Rising real estate prices and declining interest were also very much a global development, as indicated by these global averages from the paper:



Global average interest rate and house price index. Source: Green and Wachter (2007).



Green and Wacther then asked whether the mortgage finance revolution would now be followed by a reign of terror, delving into the origins of current problems with subprime mortgages. The authors write:

The behavior of investors with respect to subprime mortgages is puzzling, to say the least. Mortgage originators had powerful incentives to originate loans, regardless of quality: every mortgage that was successfully originated and sold to an investor produced a fee for the originator. While companies that originated the loan, such as New Century, could give representations and warrantees to investors that loans met some minimum standard, they were not well enough capitalized to make good on any promises in the event of large-scale default. It is difficult to understand why this was not clear to investors ex ante.

The second puzzle is that investors and rating agencies appeared to believe that diversification per se could cause systemic risk to disappear. It is of course the case that as a security becomes more diversified, unsystematic risk will get smaller, but mortgages with ten percent default probabilities will continue to carry such probabilities, regardless of the securities in which they are packaged….

The third puzzle is investors’ seeming lack of understanding about housing market risk.

I agree very much with Green and Wachter that these are the key questions to be asking, and will offer some further thoughts about them tomorrow.

The authors of the second and third papers of this morning’s session, Yale Professor Robert Shiller and UCLA’s Ed Leamer both struck fiercely iconoclastic tones. Shiller’s basic answer to the Green-Wachter puzzles is as follows:

…a significant factor in this boom was a widespread perception that houses are a great investment, and the boom psychology that helped spread such thinking. In arguing this, I will make some reliance on the emerging field of behavioral economics. This field has appeared in the last two decades as a reaction against the strong prejudice in the academic profession against those who interpret price behavior as having a psychological component….

These principles of psychology include psychological framing, representativeness heuristic, social learning, collective consciousness, attention anomalies, gambling anomalies such as myopic loss aversion, emotional contagion, and sensation seeking.

One thing I have never understood is the source of Shiller’s confidence that he is able to rise above these cognitive pitfalls in a way that market participants can not. Nor does his quantitative evidence help me to understand his position any more clearly. He notes for example a 1988 survey which found that the median new homebuyer in Los Angeles expected 11% price appreciation over the next 12 months, whereas the median buyer in Milwaukee expected only 5%. Since the OFHEO house price index shows a 13.9% appreciation for Los Angeles and a 6.2% appreciation for Milwaukee during 1989, it’s hard for me to see how these survey results are supposed to convince us of people’s lack of rationality. I also am unsure how Shiller’s concept of real estate price bubbles in “superstar” cities is to be reconciled with the fact that the problems with mortgage defaults initially proved to be most serious in rustbelt areas where there had been very little real estate price inflation.

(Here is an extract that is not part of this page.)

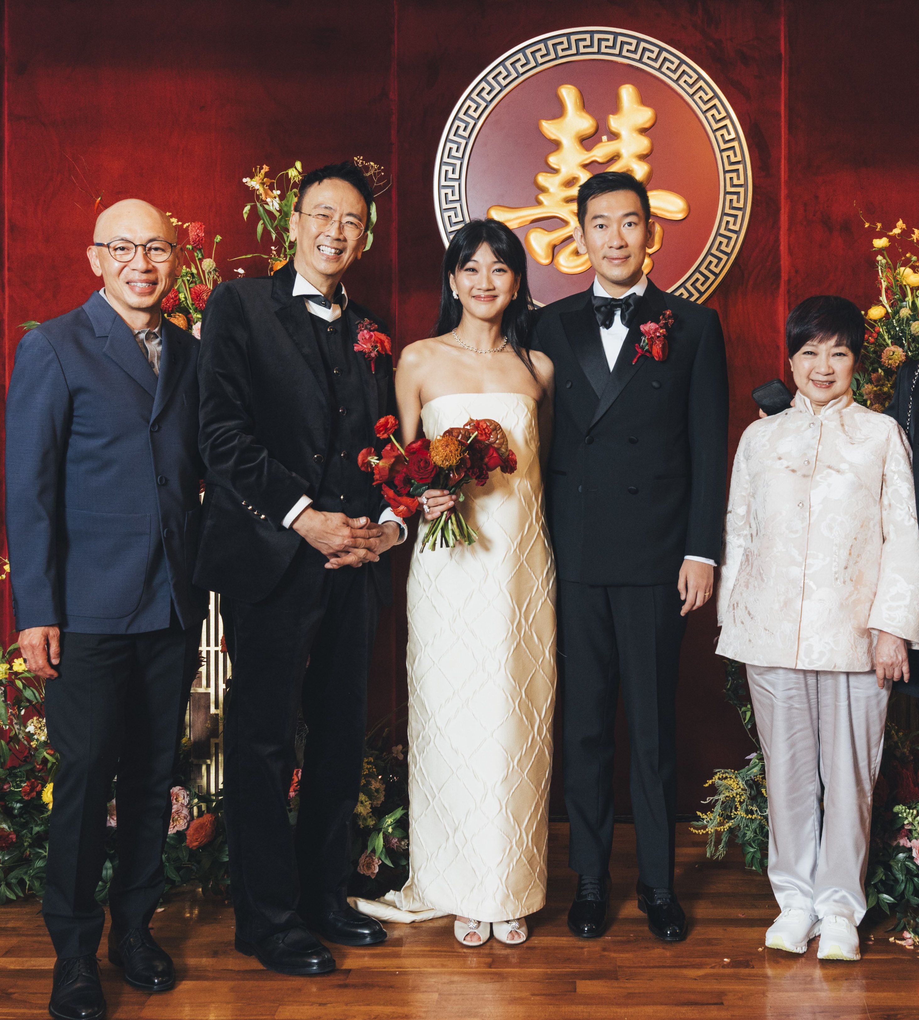婚宴當日,鄭丹瑞嘅身份除咗係外父之餘,仲係愛女嘅婚禮司儀,而林珊珊、小美、樂易玲、張堅庭、陳德森、馬榮成、林超賢、俞琤及陳淑芬等一眾與鄭家相識接近 50 年嘅圈中好友亦應邀出席,俞琤更難得開金口,喺台上幽默地以棟篤笑形式為一對新人送上祝福。![]()

Leamer was likewise proud to flash his credentials as an iconoclastic outsider, declaring “the good news is that I am not a macro-economist”. His evidence was mainly derived from nonparametric kernel regressions of a variable on a time trend to identify its “normal” contribution to output, and then accumulating deviations from “normal” to generate a “cumulative abnormal contribution” such as depicted in the diagram below:



Source: Leamer (2007).



This kernel regression basically defines the “normal” value for date t as a weighted average of observed values before and after date t, with an observation getting a smaller weight the farther it is removed in time from date t. It’s thus just a two-sided moving average filter. I welcome Leamer’s effort to throw in a creative alternative to the popular Hodrick-Prescott filter, though Leamer’s method suffers from the same problem as the Hodrick-Prescott filter, in that it will introduce temporal patterns into a series such as a random walk that originally had none. I think there is a great advantage in trying to summarize the data using statements about the forecastability of the series. Two-sided filters such as Leamer’s necessarily make these questions of forecastability more obscure.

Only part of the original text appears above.